* **Exercise material**
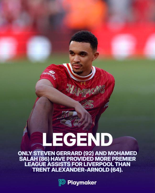 利物浦球員英超助攻榜:杰拉德領(lǐng)跑,薩拉赫與阿諾德緊隨其后
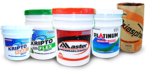 impermeabilizantes acrílicos y asfálticos, aditivos para concreto, selladores y adhesivos, pinturas vinílicas, esmaltes y de señalización vial
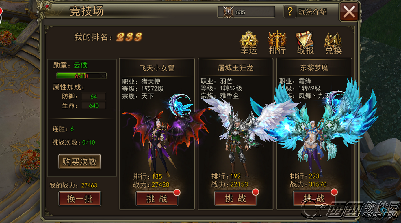 l 竞技场中,玩家可以看到排行在自己前面的玩家信息并且挑战他们。挑战成功则顶替该玩家的排行。挑战失败则保留当前排行;
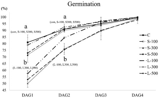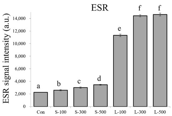 Measurements of the free radical content in wheat seeds following short- and long-term gamma irradiation using electron spin resonance (ESR). Con, non-irradiated seeds (0 Gy); S, short-term irradiation; L, long-term irradiation; 100, 300, and 500, gamma irradiation doses. Each bar represents the mean ± standard deviation (SD). Values with different letters are significantly different using Duncan’s multiple range test (p < 0.05).
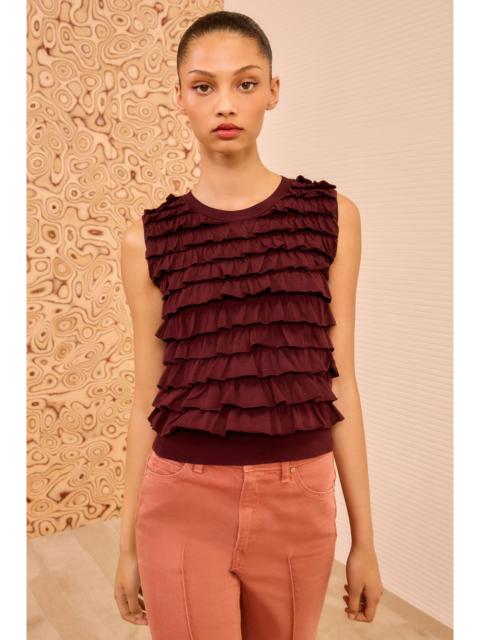 The Samira Pullover features solid and spaced-dyed yarns knitted into a vibrant palette of psychadelic stripes. This multiclored knit has a slim fit that transforms into a subtle peplum hem. - Knitted cotton - Model Height: 5'11" - Designed for slim fit - Crew neckline - Short sleeves - Peplum hem - Pullover style - Composition: 100% cotton - Dry clean only
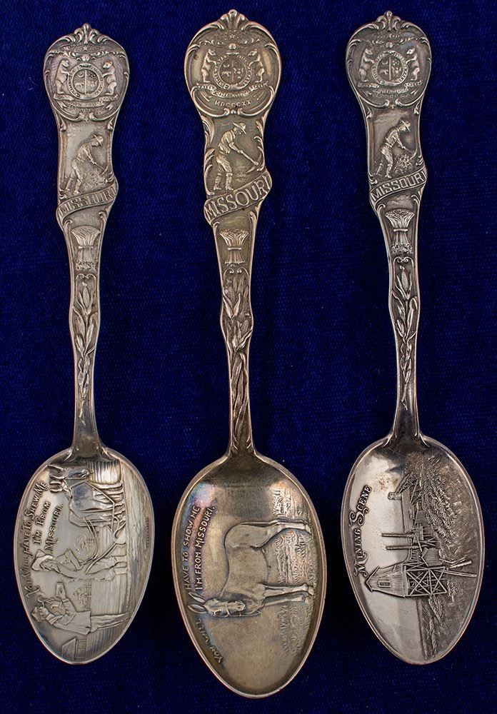 1) Die struck, " You will Have to Shew Me I'm From Missouri" image of 2 men and burros; 2) Die struck "Mining Scene" and image; 3) die struck " You Will Have To Show Me. I'm From Missouri, image of burro. All have similar handles. State: Missouri City: HWAC#: 37824 Date:
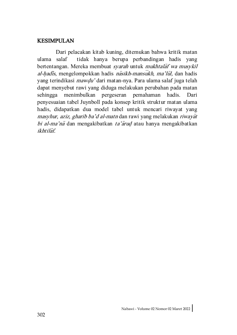 Nabawi: Journal of Hadith StudiesNabawi: Journal of Hadith StudiesDistingsi penelitian kritik matan tidak begitu jelas dalam beberapa artikel jurnal karena terlihat tidak beda dengan penelitian fiqh al-hadits. Disamping itu, artikel yang membahas metode kritik struktur matan tidak mudah didapat. Penelitian ini membahas macam bentuk kritik matan dalam kitab ilmu hadis klasik dan kontemporer. Kemudian pembahasan dilanjutkan dengan metode kritik matan untuk mencari rawi penyebab perubahan lafal hadis atau pergeseran maknaya. Hasilnya, Ulama salaf telah lakukan kritik matan hadi
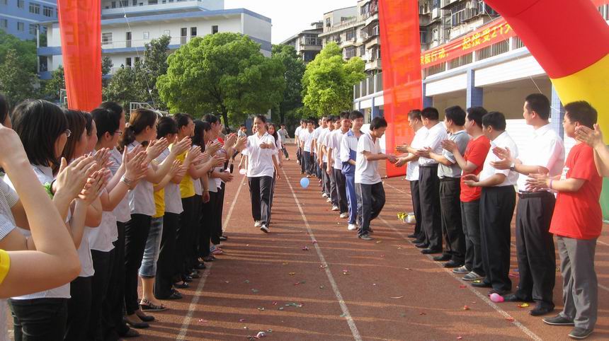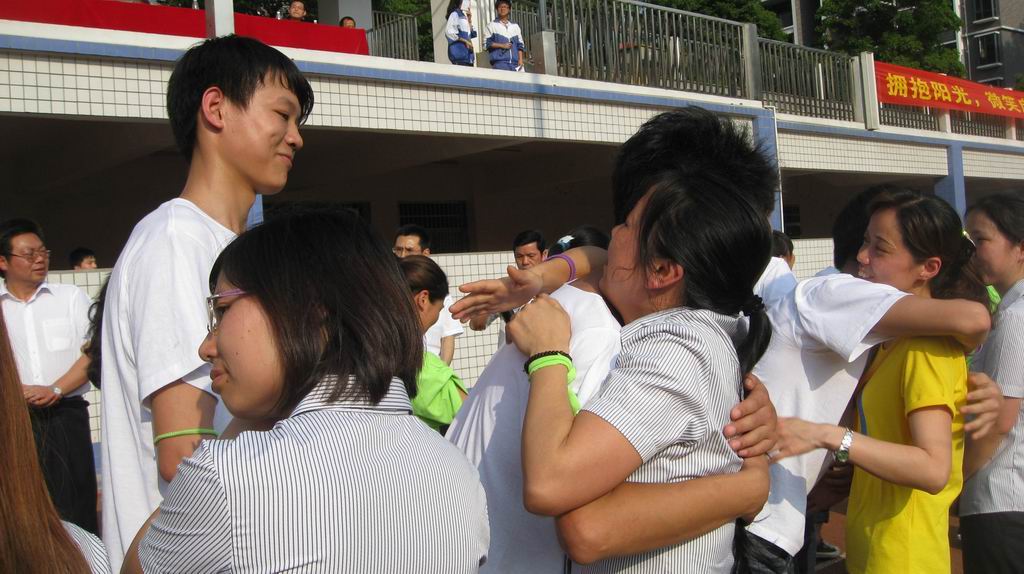 铿锵有力的宣誓声在操场上空久久回荡,这是全体高三学生在成人仪式上的庄严承诺。他们身着亮丽的班服依次向“成人门”走来,高三全体教师致以最热烈的掌声,表示最真挚的祝福。孩子们与老师们亲切的握手、拥抱,感动的泪水融化了师生的心。一幕幕感人的画面,将我的双眼模糊。

* **The problem**
Set down the entries word for word, omitting all pictures.

* **Solution to the problem**
 利物浦球員英超助攻榜:杰拉德領(lǐng)跑,薩拉赫與阿諾德緊隨其后
 impermeabilizantes acrílicos y asfálticos, aditivos para concreto, selladores y adhesivos, pinturas vinílicas, esmaltes y de señalización vial
 l 竞技场中,玩家可以看到排行在自己前面的玩家信息并且挑战他们。挑战成功则顶替该玩家的排行。挑战失败则保留当前排行;
 Measurements of the free radical content in wheat seeds following short- and long-term gamma irradiation using electron spin resonance (ESR). Con, non-irradiated seeds (0 Gy); S, short-term irradiation; L, long-term irradiation; 100, 300, and 500, gamma irradiation doses. Each bar represents the mean ± standard deviation (SD). Values with different letters are significantly different using Duncan’s multiple range test (p < 0.05).
 The Samira Pullover features solid and spaced-dyed yarns knitted into a vibrant palette of psychadelic stripes. This multiclored knit has a slim fit that transforms into a subtle peplum hem. - Knitted cotton - Model Height: 5'11" - Designed for slim fit - Crew neckline - Short sleeves - Peplum hem - Pullover style - Composition: 100% cotton - Dry clean only
 1) Die struck, " You will Have to Shew Me I'm From Missouri" image of 2 men and burros; 2) Die struck "Mining Scene" and image; 3) die struck " You Will Have To Show Me. I'm From Missouri, image of burro. All have similar handles. State: Missouri City: HWAC#: 37824 Date:
 Nabawi: Journal of Hadith StudiesNabawi: Journal of Hadith StudiesDistingsi penelitian kritik matan tidak begitu jelas dalam beberapa artikel jurnal karena terlihat tidak beda dengan penelitian fiqh al-hadits. Disamping itu, artikel yang membahas metode kritik struktur matan tidak mudah didapat. Penelitian ini membahas macam bentuk kritik matan dalam kitab ilmu hadis klasik dan kontemporer. Kemudian pembahasan dilanjutkan dengan metode kritik matan untuk mencari rawi penyebab perubahan lafal hadis atau pergeseran maknaya. Hasilnya, Ulama salaf telah lakukan kritik matan hadi
 铿锵有力的宣誓声在操场上空久久回荡,这是全体高三学生在成人仪式上的庄严承诺。他们身着亮丽的班服依次向“成人门”走来,高三全体教师致以最热烈的掌声,表示最真挚的祝福。孩子们与老师们亲切的握手、拥抱,感动的泪水融化了师生的心。一幕幕感人的画面,将我的双眼模糊。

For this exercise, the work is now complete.